Render as an HTML document

---
title: "Hello Quarto"
author: "JJB + Course"
format: html
---

Render as a PDF

---
title: "Hello Quarto"
author: "JJB + Course"
format: pdf
---

Render as a Word document

---
title: "Hello Quarto"
author: "JJB + Course"
format: docx
---

Multi-format Render Options

Render one Quarto document to many output options like HTML, Jupyter Notebook, PDF, and Word Document.

---
title: "Hello Quarto"
author: "JJB + Course"
format: 
  html: default
  ipynb: default # new format!
  pdf: default
  docx: default
---

Note

Quarto supports many formats include PowerPoint (PPT), Revealjs, Beamer, Rich Text Format (RTF), and on.
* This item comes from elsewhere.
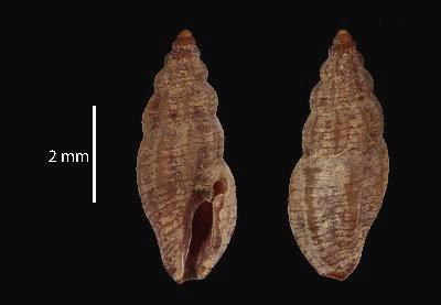 Agathotoma finalis Rolán & Fernandes, 1993; family Mangeliidae; Sao Tome and Principe
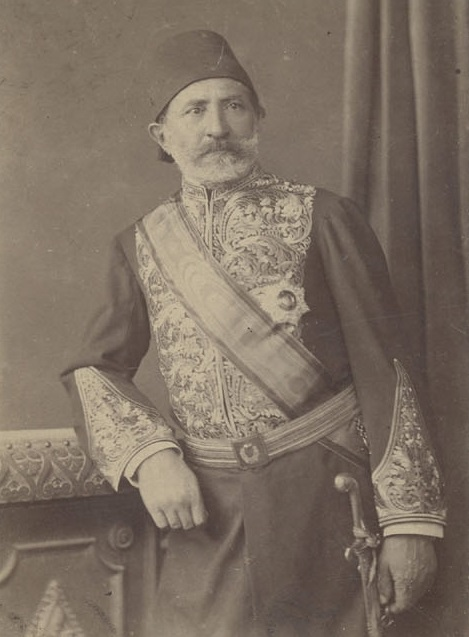 Vaso Pasha (1825-1892) - albanian writer, poet and publicist. Served as Governor of Lebanon from 1882 until his death..

For details, see All Formats.

Selecting a Single Render Format

Using the The Render Button Logo in RStudio Render button’s drop down menu, we can select a single output format to create.
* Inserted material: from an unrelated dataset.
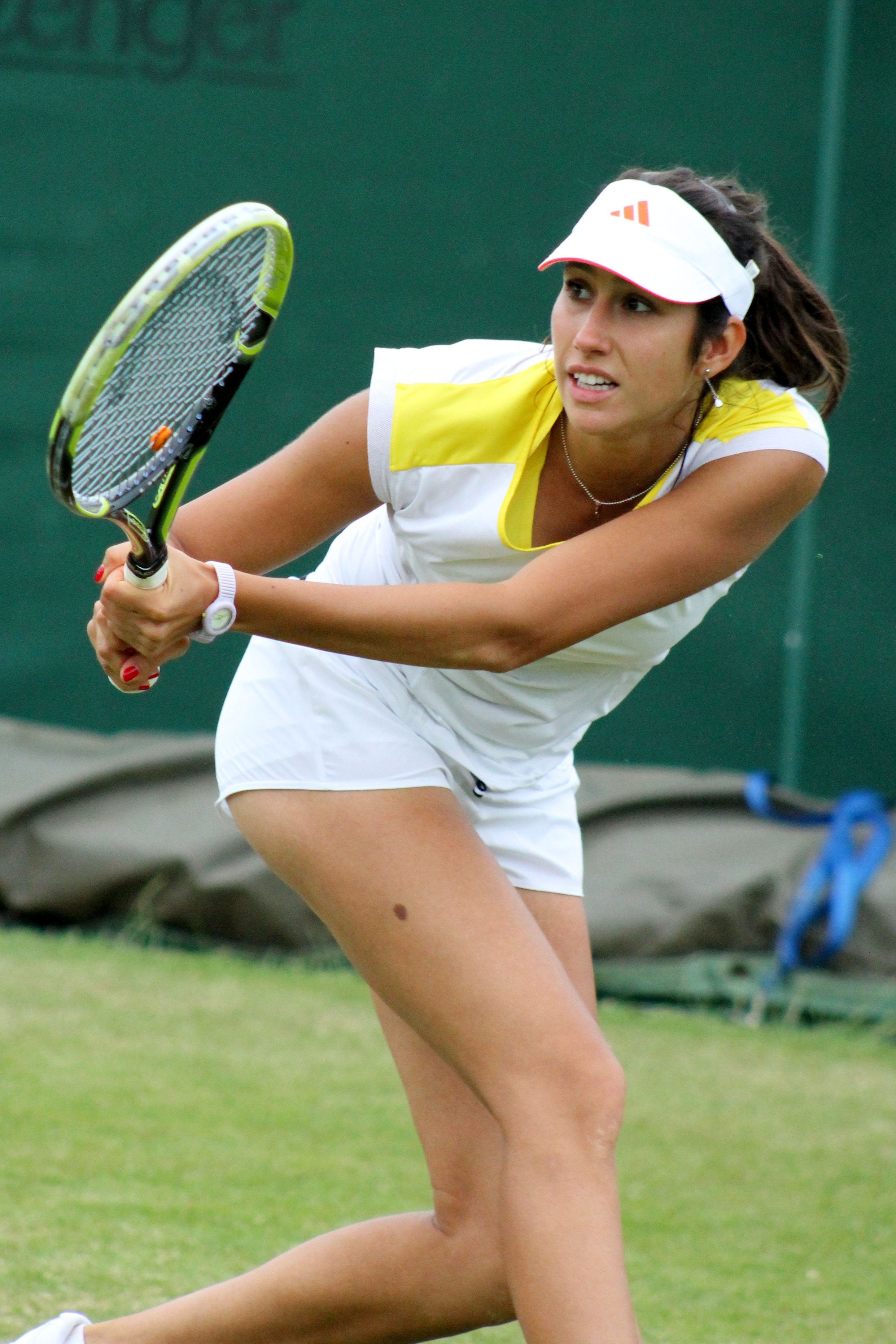 Nastassja Burnett playing at the Wimbledon Qualifying Tournament 2013

Dropdown menu showing the different render options.

Example of a Selecting a Single Output Format from the Render Menu dropdown.

Customizing Specific Output Formats

In this example, we customize the html and docx format.

---
title: "Hello Quarto"
author: "JJB + Course"
format: 
  html:
    toc: true
    code-fold: true
  ipynb: default
  pdf: default
  docx: 
    number-sections: true
    highlight-style: github
---

Note

For individual format options, please find the format on the All Formats page of the Quarto user guide.

A brief history

Iteration 1: Sweave

  • Literate programming has been a huge focus of the R community.

  • Officially, the Sweave (.Rnw) system backed by R-core allowed for literate programming.

  • Championed by Fritz Leisch, who was an R Core Member that recently passed away.

Iteration 1: Sweave

  • However, the system required extensive use of LaTeX, which marks up text, to combine R code with prose.

  • Plus, there were a few useful options such as saving long running code chunk results to avoid needing to re-calculate the output that were missing.

    Sample Sweave code chunk:

<<plot1, eval=FALSE, width=8, height=6>>= 
data(faithful) 
plot(faithful$eruptions, faithful$waiting)
@

Iteration 2: knitr & rmarkdown (.Rmd)

  • Looking at the weakness of the Sweave feature set, the knitr package was created with a focus on improving options within LaTeX.

  • A little bit later, the rmarkdown package arrived on the scene to lower the barrier of entry by allowing for markdown to used to interweave r code and results.

    Sample Rmarkdown code chunk:

```{r plot1, eval=FALSE, width=8, height=6}
data(faithful)
plot(faithful$eruptions, faithful$waiting)
```

Iteration 3: Quarto (.qmd)

  • The focus on using rmarkdown to create reports drew widespread acclaim after its debut in 2014. (See J.J. describe rmarkdown in 2016.)

  • However, the name rmarkdown constrained the report format to just R.

  • As data science is a polygot field, that is you need to speak more than one language (e.g. Python, R, Julia, SQL, C++, …), the idea for a language agnostic framework was born.

Iteration 3: Quarto (.qmd)

  • Quarto is the manifestation of being able to work with multiple languages without needing R (you could just use a Jupyter kernel).

    Sample Quarto code chunk:

    ```{r}
    #| label: plot1
    #| eval: false
    #| width: 8
    #| height: 6
    data(faithful)
    plot(faithful$eruptions, faithful$waiting)
    ```

Summary: Part I

  • Code for Humans
    • Write code in a human-friendly way for consumption by humans not computers with literate programming.
    • Scientists aim for the Golden Standard of experiments being replicable.
    • Statisticians/Data Scientists aim for being able to reproducible computations

Summary: Part II

  • Markdown
    • Focuses on plain text that is human readable and customizable.
  • Quarto
    • Combine code with a narrative analysis in a reproducible manner.